→ **WORK INSTRUCTION**
Please repeat only the lines below starting at the line that holds "Miljøpartiet De Grønne, Sosialistisk" and ending at the line that holds "E’ la sintesi", exactly, with both of those lines included and every picture omitted.

→ **INPUT**
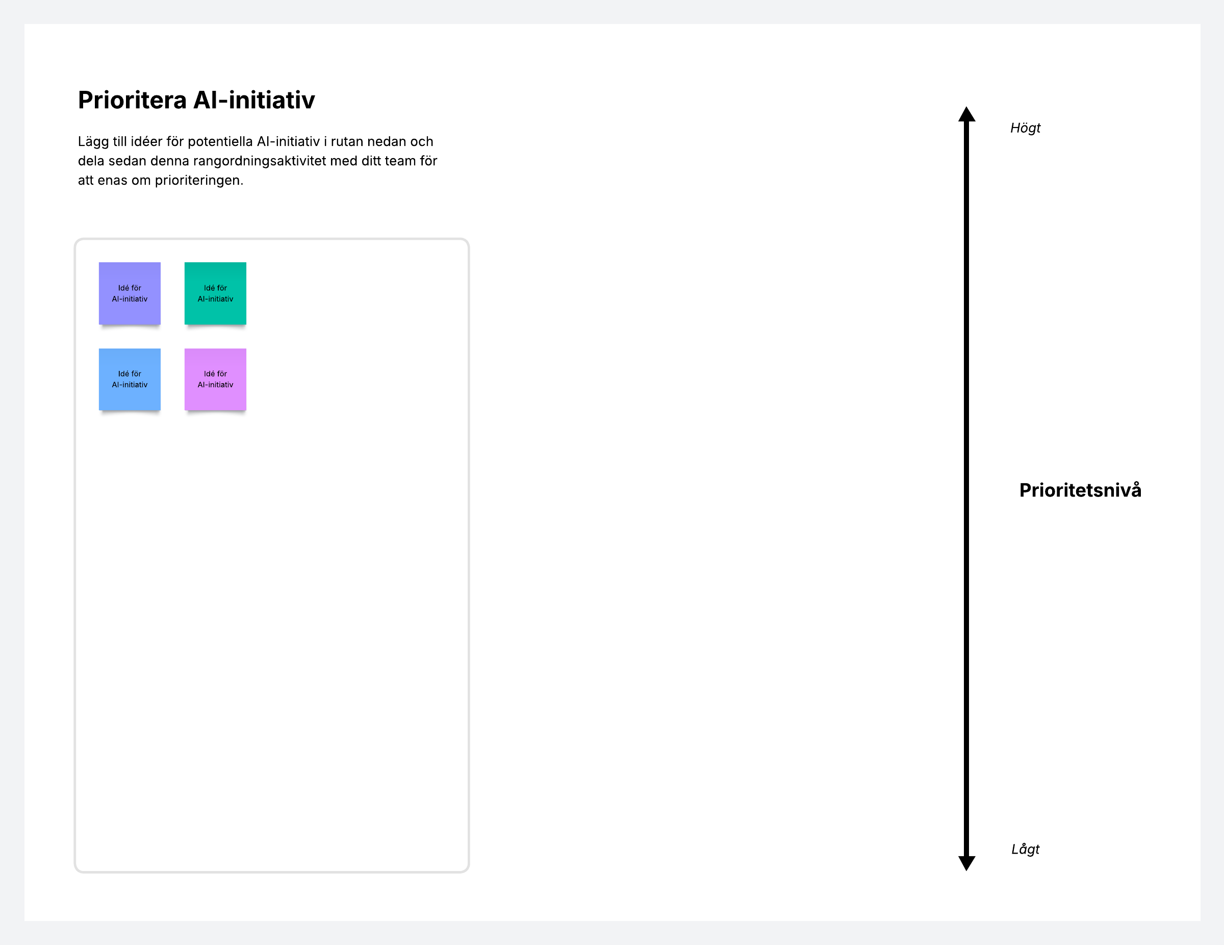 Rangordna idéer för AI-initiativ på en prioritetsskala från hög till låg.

==

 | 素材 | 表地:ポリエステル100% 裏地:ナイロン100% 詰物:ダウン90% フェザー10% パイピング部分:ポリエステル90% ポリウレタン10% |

* * *

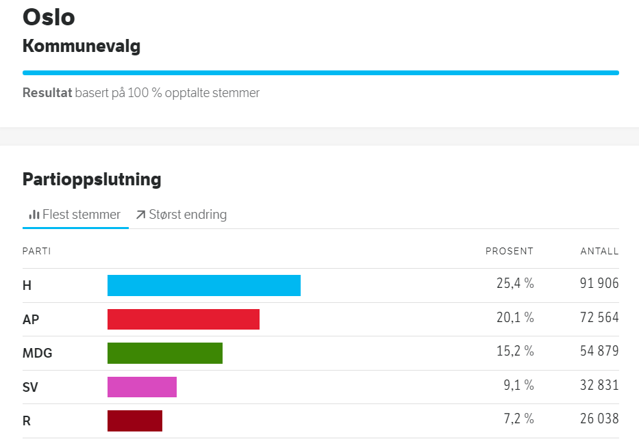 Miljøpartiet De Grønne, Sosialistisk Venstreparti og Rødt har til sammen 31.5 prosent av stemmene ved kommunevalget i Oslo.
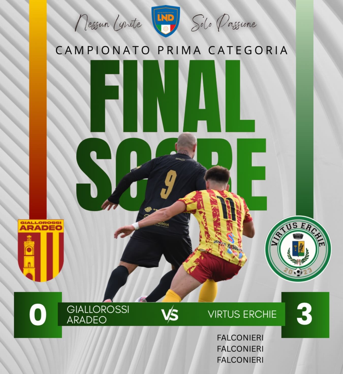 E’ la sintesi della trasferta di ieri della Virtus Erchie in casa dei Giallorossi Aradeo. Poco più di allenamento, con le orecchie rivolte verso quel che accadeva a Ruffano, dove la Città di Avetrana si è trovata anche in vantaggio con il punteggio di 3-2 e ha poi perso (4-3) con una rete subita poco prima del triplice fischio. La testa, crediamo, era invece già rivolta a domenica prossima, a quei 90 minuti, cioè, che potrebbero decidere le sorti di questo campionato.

→ **RESULT**
 Miljøpartiet De Grønne, Sosialistisk Venstreparti og Rødt har til sammen 31.5 prosent av stemmene ved kommunevalget i Oslo.
 E’ la sintesi della trasferta di ieri della Virtus Erchie in casa dei Giallorossi Aradeo. Poco più di allenamento, con le orecchie rivolte verso quel che accadeva a Ruffano, dove la Città di Avetrana si è trovata anche in vantaggio con il punteggio di 3-2 e ha poi perso (4-3) con una rete subita poco prima del triplice fischio. La testa, crediamo, era invece già rivolta a domenica prossima, a quei 90 minuti, cioè, che potrebbero decidere le sorti di questo campionato.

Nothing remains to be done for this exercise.